The scatter diagram allows us to easily see the nature of the relationship, if any exists, between the two variables. Pearson's mathematical procedures assume an underlying linear relationship, that is, a relationship that can he best represented by a straight line. Figure 5.1 shows such a relationship. As a general rule, those students who scored high on the stress questionnaire also had high scores on the eating difficulties questionnaire. The relationship is not perfect. Person G, for example, had a total score of 21 (the third highest) on the stress questionnaire, but had a total score of only 5 (the second lowest) on the eating difficulties questionnaire. Nevertheless, a quick inspection of the graph shows us that Pearson's assumption of linearity is appropriate here.

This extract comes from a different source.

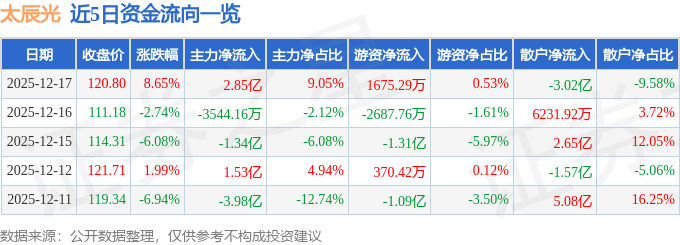 证券之星消息,截至2025年12月17日收盘,太辰光(300570)报收于120.8元,上涨8.65%,换手率14.06%,成交量27.02万手,成交额31.53亿元。

In some cases, the relationship between the independent variable(s) may not be linear. The failure to find evidence of a relationship may be due to one of two possibilities: (1) the variables are, in fact, unrelated, or (2) the variables are related in a nonlinear fashion. Instead, a graph of the relationship on ordinary graph paper would depict a curve. Figure 5.2, for example, displays the hypothetical relationship between age and strength of grip. Because the relationship here is curvilinear (the points on a scatter diagram cluster about a curved line), Pearson's procedures are not appropriate (and, in fact, will give misleading results). There are techniques of correlation and prediction appropriate where the underlying relationship between two variables is not linear but these will not be covered in this lesson.

Figure 5.2 Scatter diagram of two variables that are related in a curvilinear fashion (hypothetical data).

Correlation: A Matter of Direction

 

The scatter diagram not only shows whether there is a linear relationship between two variables, but it also shows at a glance the direction of the relationship. If the higher scores on X are generally paired with the higher scores on Y, and the lower scores on X are generally paired with the lower ones on Y, then the direction of the correlation between the two variables is positive. In a scatter diagram, a positive correlation appears as a cluster of data points that slopes from lower left to upper right. Thus, the correlation shown in Figure 5.1 is positive. It would not matter if we had designated the stress scores as Y instead of X (and plotted them along the vertical axis instead of the horizontal) and the eating difficulties scores as X instead of Y (and plotted them along the horizontal axis): the dots in the scatter diagram would still slope from lower left to upper right. Try it. Figure 5.3 offers more examples of positive correlations.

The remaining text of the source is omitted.